Market News

Market Update - August

18/08/2016

Kate Rogers

Kate Rogers

Head of Policy

Slowdown in activity

Economic data in the UK has shown a broad-based slump in the immediate aftermath of the EU referendum vote. The early indicators suggest that UK economic momentum has slowed markedly across manufacturing, services and construction and there is upside inflation pressure as a result of the weak currency.  We expect inflation to continue to rise, with UK CPI forecast to breach 2% in the second half of 2017. Eurozone activity has been resilient after the vote and the results of the European bank stress tests were encouraging. US economic data remains robust, although GDP growth was weaker than expected last quarter.  

Rates lower for longer

In response to this slowdown in activity and in an effort to avoid recession, the Bank of England delivered a bigger-than-expected stimulus package, reducing interest rates and increasing quantitative easing. While the Bank of England faces a trade-off between inflation and stabilising activity, its stance is to tolerate a temporary period of above-target inflation.  The Federal Reserve has also turned more cautious after the Brexit vote, delaying the upward trajectory of US interest rates. Futures markets are no longer looking for a rate increase in 2016, with the earliest move expected in March 2017.

Investment implications

Equity and bond markets have been buoyed by further injections of liquidity and a delay in normalisation of interest rates in the US.  Sterling weakness has had a meaningful translational effect on the UK equity market, benefitting the large global companies in particular.  With over 70% of the UK equity market earnings generated overseas, a 10% fall in sterling equates to a 7% rise in market earnings, and has driven prices upwards.  We continue to believe that the bond market is overvalued, and underestimates inflationary pressures.  Equities have had a strong run, and where clients need cash to fund expenditure we have used the strength to take profits.  However, we are retaining our core equity allocations, as monetary policy remains supportive and valuations are not overly expensive.  We expect equities to trade in a wide, volatile range and retain an exposure to absolute return approaches to dampen overall portfolio volatility.  UK commercial property funds have experienced some liquidity challenges in the aftermath of the vote, however we believe they will be supported by the strong income characteristics, despite the more lacklustre capital performance anticipated. 

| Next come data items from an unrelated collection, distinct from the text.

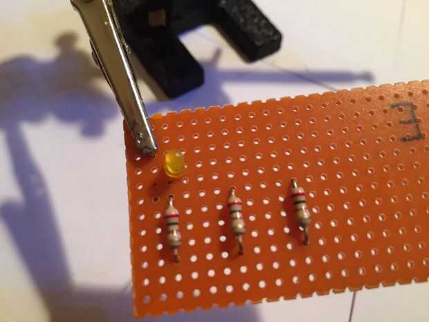 1 - cortar otra vez un poco de la pierna de uno de la resistencia que nos cortan la última vez.
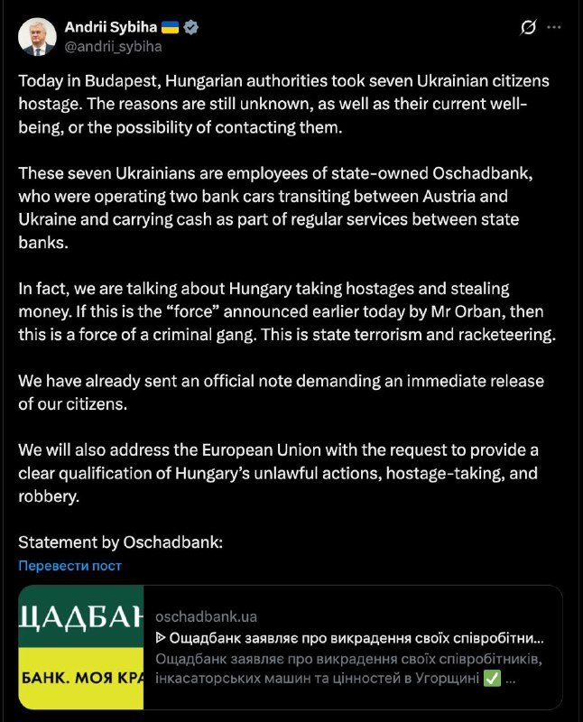 Ситуацию прокомментировал в Х глава МИД Украины Андрей Сибига. Он заявил, что венгерские власти взяли в заложники семерых граждан Украины по неизвестным причинам. Также неясно состояние задержанных.
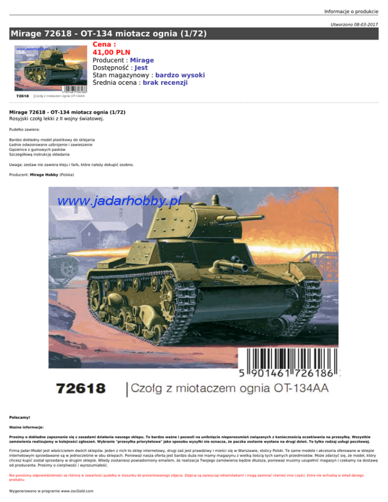 Informacje o produkcie Utworzono 08-03-2017 Mirage 72618 - OT-134 miotacz ognia (1/72) Cena : 41,00 PLN Producent : Mirage Dostępność : Jest Stan magazynowy : bardzo wysoki Średnia ocena : brak recenzji Mirage 72618 - OT-134 miotacz ognia (1/72) Rosyjski czołg lekki z II wojny światowej. Pudełko zawiera: Bardzo dokładny model plastikowy do sklejania Ładnie odwzorowane uzbrojenie i zawieszenie Gąsienice z gumowych pasków Szczegółową instrukcję składania Uwaga: zestaw nie zawiera kleju i farb, które należy dokupić osobno. Producent: Mirage Hobby (Polska) Polecamy! Ważne informacje: Prosimy o dokładne zapoznanie się z zasadami działania naszego sklepu. To bardzo ważne i pozwoli na uniknięcie nieporozumień związanych z koniecznością oczekiwania na przesyłkę. Wszystkie zamówienia realizujemy w kolejności zgłoszeń. Wybranie "przesyłka priorytetowa" jako sposobu wysyłki nie oznacza, że paczka zostanie wysłana na drugi dzień. To tylko rodzaj usługi pocztowej. Firma Jadar-Model jest właścicielem dwóch sklepów. Jeden z nich to sklep internetowy, drugi zaś jest prawdziwy i mieści się w Warszawie, stolicy Polski. Te same modele i akcesoria oferowane w sklepie internetowym sprzedawane są w jednocześnie w obu sklepach. Ponieważ nasza oferta jest bardzo duża nie mamy magazynu z wielką ilością tych samych przedmiotów. Może zdarzyć się, że model, który chcesz kupić został sprzedany w drugim sklepie. Wtedy zostaniesz powiadomiony emailem, że realizacja Twojego zamówienia będzie dłuższa, ponieważ musimy uzupełnić magazyn i czekamy na dostawę od producenta. Prosimy o cierpliwość i wyrozumiałość. Nie ponosimy odpowiedzialności za różnicę w zawartości pudełka w stosunku do prezentowanego zdjęcia. Zdjęcia są zazwyczaj reklamówkami i mogą zawierać również inne części, które nie wchodzą w skład danego produktu. Wygenerowano w programie www.oscGold.com Salon Modelarski Jadar-Model Ul. Jagiellońska 58, 03-468 Warszawa (przy Pl.Hallera) tel.(22) 403-34-30 (w sprawie zamówień prosimy dzwonić: (22) 620-05-39) sklep jest czynny w godz.: pon.-pt. 11.oo 19.oo sobota 10.oo 14.oo Mirage Hobby - Model plastikowy do sklejania i malowania - Mirage Hobby - Jadar-Model Hobby Shop
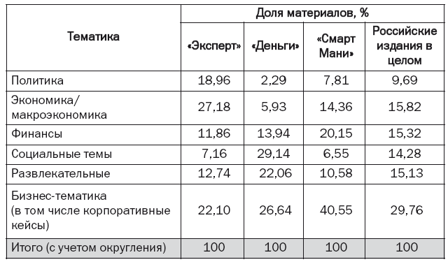 Удельный вес материалов бизнес-тематики в российских журналах удивляет: всего 29,8 % (по сравнению с 51,1 % в американских журналах). Причем даже таким показателем российские журналы «обязаны» корпоративной направленности журнала «Смарт Мани» (удельный вес материалов бизнес-тематики – 40,6 %). У «Денег» этот показатель – около 27 %, а у «Эксперта» – чрезвычайно низкие 22 %. (Имеет смысл также обратить внимание на сравнительно большие различия показателей у трех анализируемых российских журналов – от 22 % до 41 %, разброс – 19 процентных пунктов, у американских аналогов было 12.) Также мало количество материалов бизнес-тематики в российских деловых журналах – 26,5 % (на 20 процентных пунктов меньше, чем в американских).
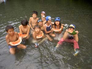 川に入って涼みながら スイカを食べる |
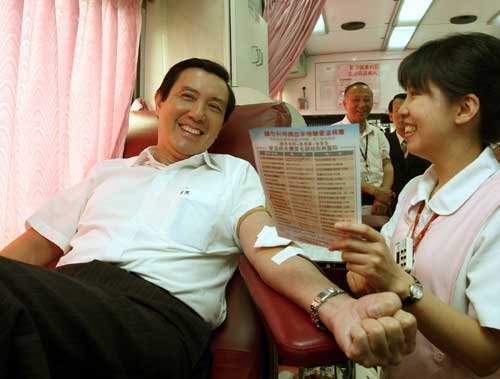 報(bào)道說(shuō),經(jīng)常捐血的馬英九今天捐出兩袋血,共五百c.c.,捐完血并愉快地向記者說(shuō)捐血很快樂(lè),并和捐血車工作人員合影留念。馬英九累積已捐出一百七十八袋血。
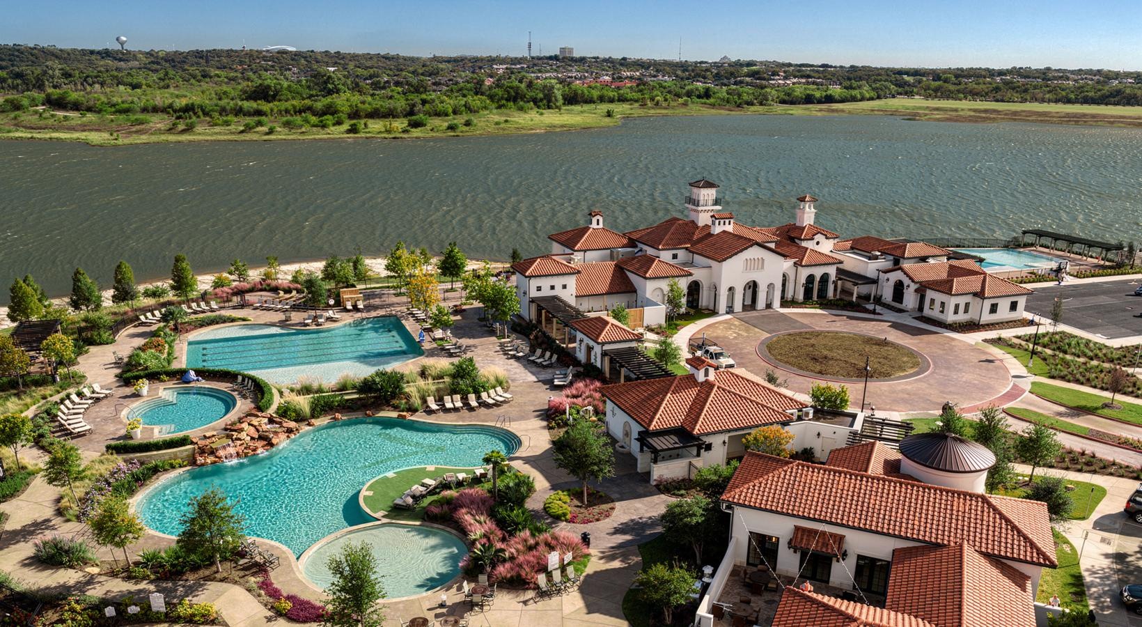 • a high angle view of a resort with pools and body of water
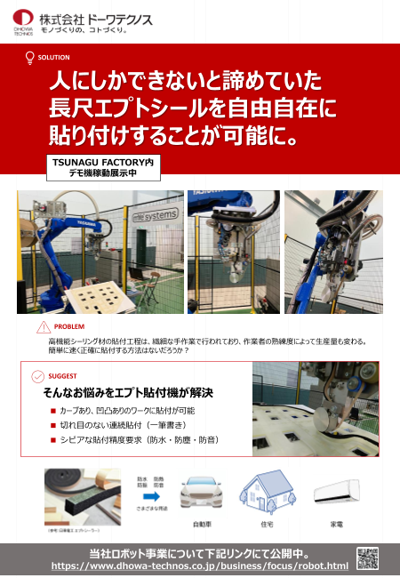 【エプトシール貼付機の特長】 ・カーブあり、凹凸ありのワークに貼付 ・切れ目のない連続貼付(一筆書き) ・長尺でも均一に貼付(防水・防塵・防音)
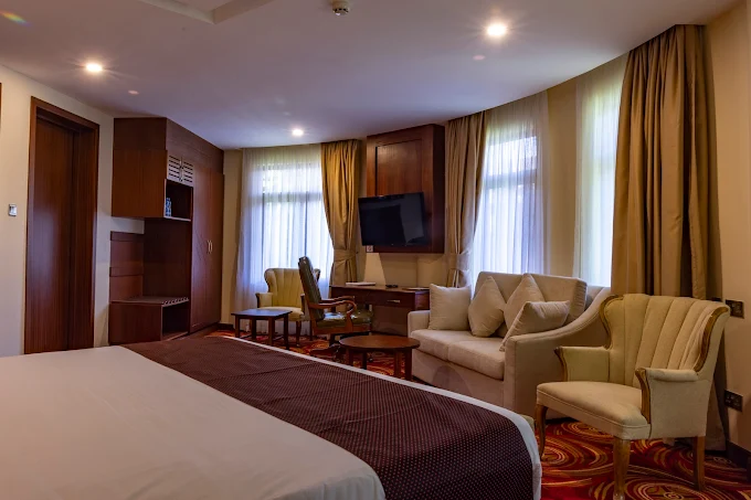 The Hotel has 30 rooms which include a Presidential suite, Garden Suites, Executive rooms and Deluxe rooms. In addition to accommodation, the hotel offers Executive boardrooms as well as a Conference facility that can host up to 150 people.Other facilities in the Hotel include two restaurants, a pool bar, a well-equipped gymnasium, a spa, a swimming pool and a Business Centre.

The opinions contained herein are those of the author and do not necessarily represent the house view. This document is intended to be for information purposes only. The material is not intended as an offer or solicitation for the purchase or sale of any financial instrument. The material is not intended to provide, and should not be relied on for, accounting, legal or tax advice, or investment recommendations. Information herein is believed to be reliable but Cazenove Capital does not warrant its completeness or accuracy. No responsibility can be accepted for errors of fact or opinion. This does not exclude or restrict any duty or liability that Cazenove Capital has to its customers under the Financial Services and Markets Act 2000 (as amended from time to time) or any other regulatory system. Cazenove Capital is part of the Schroder Group and a trading name of Schroder & Co. Limited 12 Moorgate, London, EC2R 6DA. Authorised by the Prudential Regulation Authority and regulated by the Financial Conduct Authority and the Prudential Regulation Authority. For your security, communications may be taped and monitored.